The IEDB search revealed that for 8 out of the 14 ICS peptides, entries with positive results were found for HLA binding and T cell assays that validated most of the binding predictions. More precisely, out of 51 EpiMatrix binding predictions performed for the 8 peptides collectively and for which corresponding empirical data was found on IEDB, 39 predictions have been validated as true positive (TP) or true negative (TN). Twelve of those predictions, however, were contradicted by the IEDB results. Before labeling these predictions as false positives (FP), it is suggested that further empirical testing be performed to confirm or refute the EpiMatrix predictions; especially considering that for most of the 12 predictions the contradicting results come from a single corresponding source. As an example of how the validations were performed, lists the validation results for the ICS peptide NS31246–1265 (SQGYKVLVLNPSVAATLGFG). For each HLA binding or T cell assay entry found on IEDB for the ICS peptide, lists the sequence of the peptide that was actually tested or to which the response was attributed, the references that mentioned testing that peptide, and whether the HLA restrictions that tested positive or negative for peptide binding confirm or refute the EpiMatrix predictions for each of the 8 analyzed HLA class II alleles.

Table 5. Retrospective validation of the ICS peptide NS3 (1246–1265)
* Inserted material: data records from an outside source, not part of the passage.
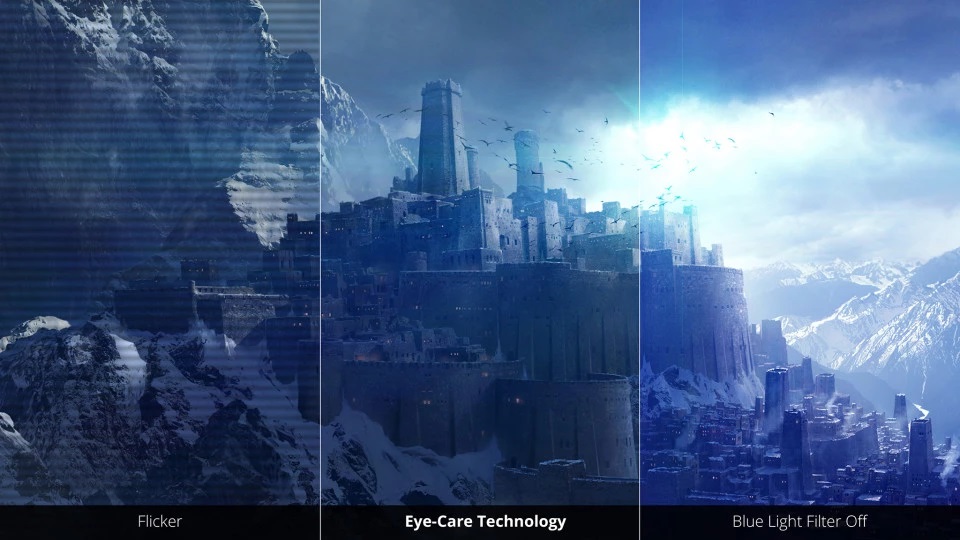 Công nghệ bảo vệ mắt gồm BỘ LỌC ÁNH SÁNG XANH và CHỐNG NHẤP NHÁY sẽ bảo vệ đôi mắt của bạn khỏi nhức mỏi khi làm việc lâu trước màn hình máy tính.
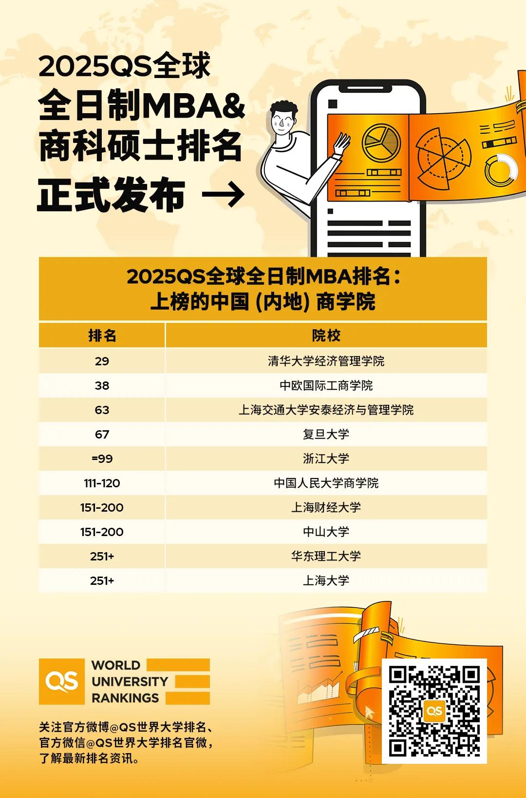 9月25日,QS Quacquarelli Symonds正式發(fā)布了2025QS全球全日制MBA & 商科碩士排名。
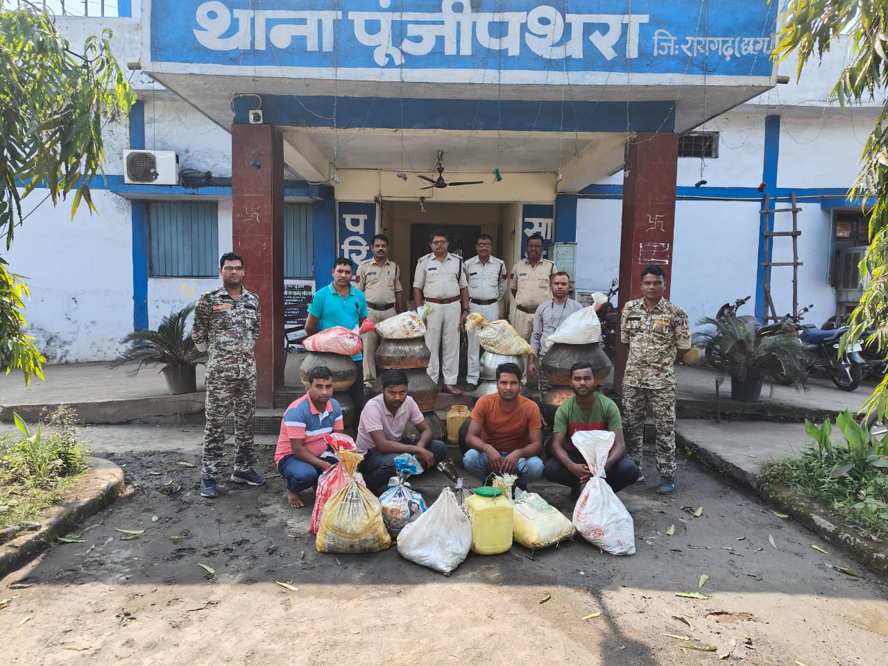 रायगढ़ । वरिष्ठ पुलिस अधीक्षक श्री सदानंद कुमार के निर्देशन पर कल 8 अक्टूबर के शाम नव पदस्थ थाना प्रभारी पूंजीपथरा निरीक्षक कृष्णकांत सिंह के नेतृत्व में पूंजीपथरा पुलिस द्वारा ग्राम गेरवानी डीपापारा में अलग-अलग स्थान में शराब रेड कार्यवाही किया गया । पूंजीपथरा पुलिस को सूचना मिली थी कि गांव के कुछ लोग अवैध रूप से महुआ शराब की आसपास क्षेत्र में बिक्री करते हैं । थाना प्रभारी पूंजीपथरा द्वारा एसएसपी सदानंद कुमार, एडिशनल एसपी संजय महादेवा डीएसपी निकिता तिवारी को अवैध गतिविधियों की जानकारी से अवगत कराकर उनके मार्गदर्शन पर शराब रेड कार्रवाई के लिये थाना स्टाफ की टीम तैयार किया गया और सुनियोजित तरीके से इलाके की घेराबंदी कर शराब रेड कार्यवाही की गई जिसमें चार आरोपी अशोक अजय, राजेंद्र बर्मन, सरोज कुमार जाटवार और सुरेश कुमार खुंटे को अलग-अलग स्थान से पुलिस पार्टी ने शराब के साथ पकड़ा । आरोपियों के पास से 200-200 ml भरा हुआ महुआ शराब की *कुल 1200 पाऊच (240 लीटर महुआ शराब) कीमत ₹24,000* का जप्त किया गया है । आरोपियों पर थाना पूंजीपथरा में पृथक पृथक आबकारी एक्ट की धारा 34(2),59(क) के तहत कार्यवाही कर आरोपियों को जेल भेजा गया है । शराब रेड कार्यवाही में थाना प्रभारी पूंजीपथरा निरीक्षक कृष्णकांत सिंह, सहायक उप निरीक्षक विजय एक्का, प्रधान आरक्षक नंद साय कंवर, आरक्षक बालचंद राव, धर्मेन्द्र प्रताप सिंह, अभिषेक द्विवेदी, नरेन्द्र पैंकरा, इमानवेल कुजूर और राजेश बंजारे शामिल थे ।
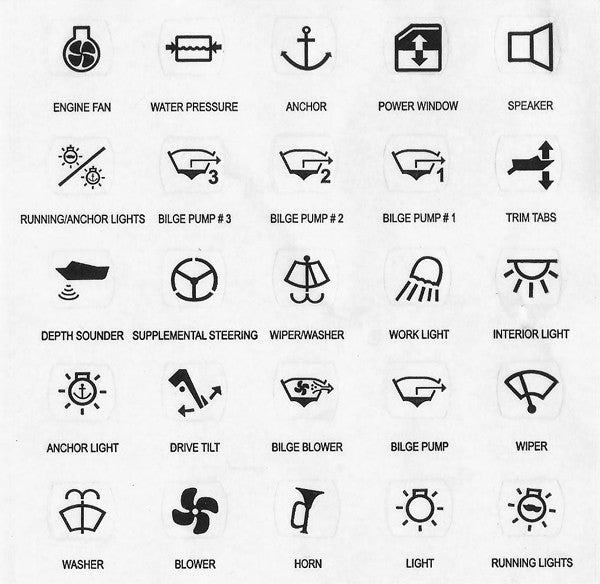 Symbole Satz 25-Stück Selbstklebend, Aufkleber Piktogramme Schaltpaneel, Englischsprachige Bezeichnung
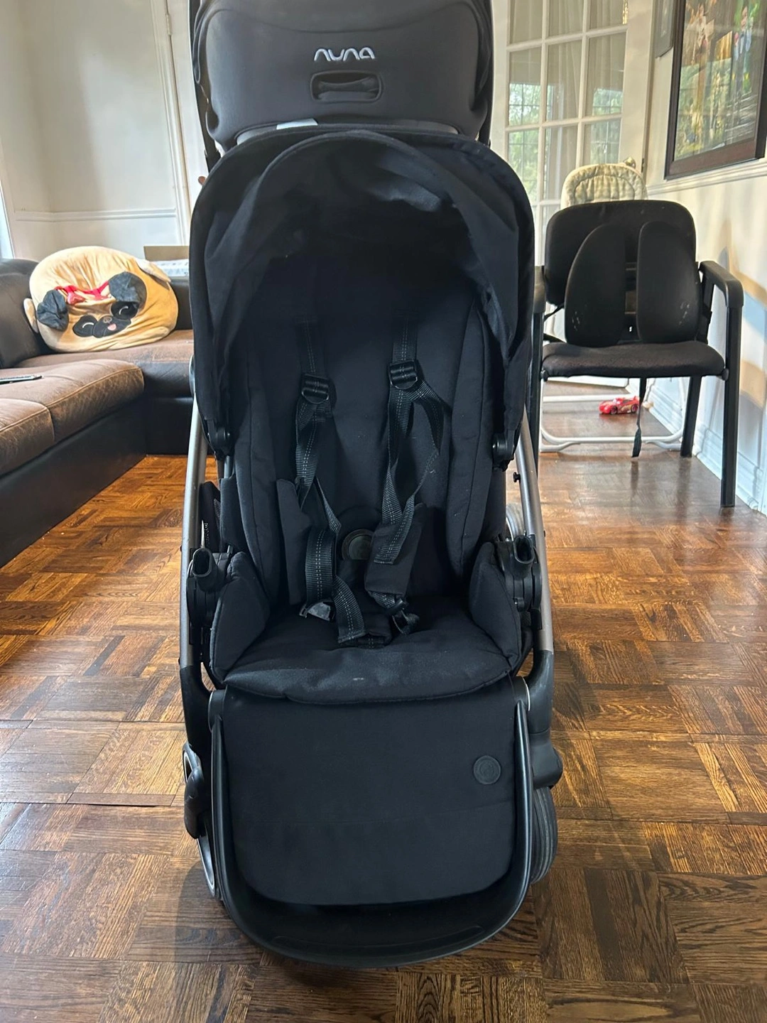 A sleek stroller with a comfortable seat and a sunshade. This is double stroller. Light wait and good quality. It has a large storage basket underneath. This stroller is perfect for leisurely walks with your little one. Its comes with , rain cover & small basket.
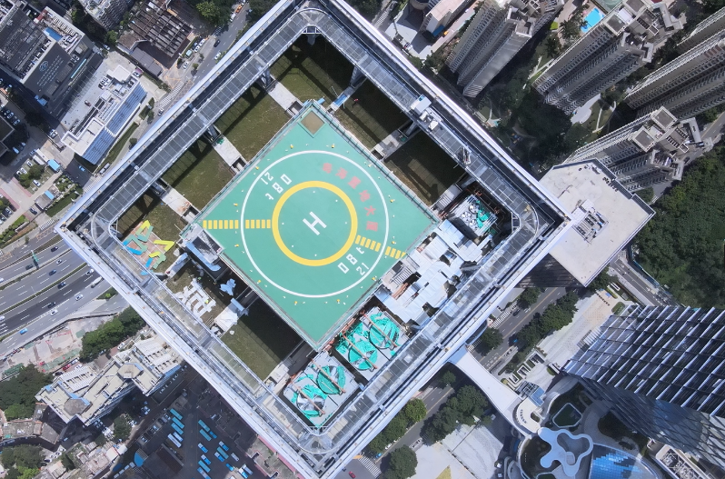 大廈頂部設置高端停機坪,為企業定制專屬航線,滿足消防救災、貴賓接送、醫療救護、旅游觀光等多方需求。項目整體規劃設計突顯山水延伸與融合的理念,對標國際綠色建筑標準,堅持人與自然和諧相處,榮膺2022年度廣廈獎。
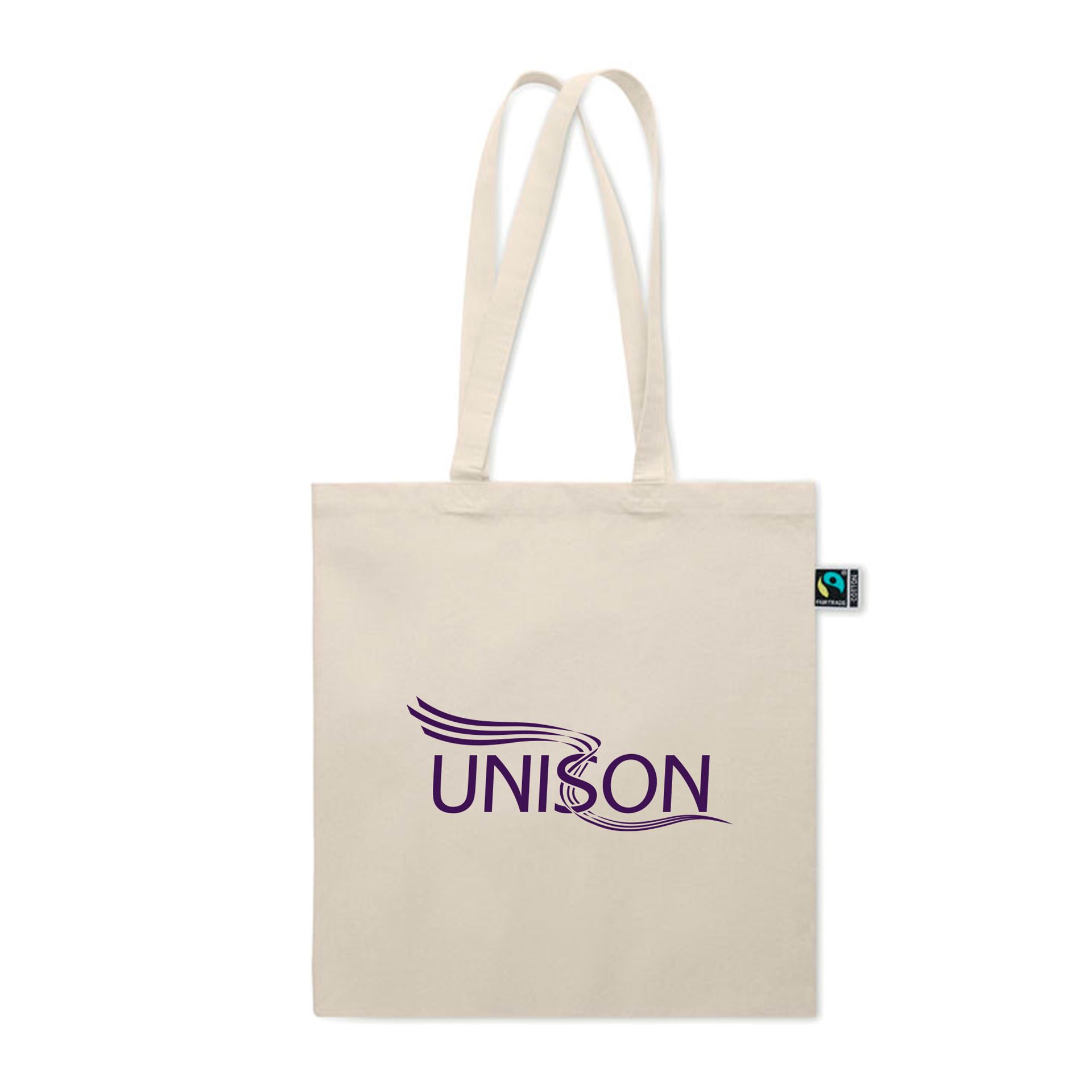 38 x 42 x12cm 180 gr/m² shopping bag with long handles and gusset. Made from Fairtrade cotton. Printed in one colour in one position.

It is important to note that in all the IEDB results for the 8 ICS peptides whose EpiMatrix results were mostly validated, the sequences of the peptides that were actually tested or to which the response was attributed were composed mainly of the overlapping 9-mer frames of the core sequences of the ICS peptides; which makes our retrospective validations more reliable. It is also important to note that, where the IEDB search returned results in which the test peptides were 70–99% similar to the ICS peptides, the point mutations to which the dissimilarity was attributed mainly resided in the 3 N- and C-terminal AA residues of the ICS peptides, which are not directly involved in HLA class II binding. This is true for 7 out of the 8 ICS peptides; for the remaining peptide, a point mutation was present in the empirically tested sequences that resided in the core sequence of the ICS (data not shown). For this ICS in particular, 5 out of 7 EpiMatrix binding predictions for which corresponding empirical data were found were contradicted by the IEDB results. This suggests that the mutation affected the binding specificity of the test peptides, and further demonstrates the necessity of performing further empirical analysis on the ICS sequence itself before determining the validity of the EpiMatrix predictions.

Apart from the aforementioned results of the 8 ICS peptides, the results of the IEDB search for the remaining 6 peptides returned only results for CD4+ T cell assays where the HLA restriction was not determined. However, for 5 of the 6 peptides, the T cell assay results where positive, which encourages performing assays in the future to determine the HLA restrictions responsible for the positive response.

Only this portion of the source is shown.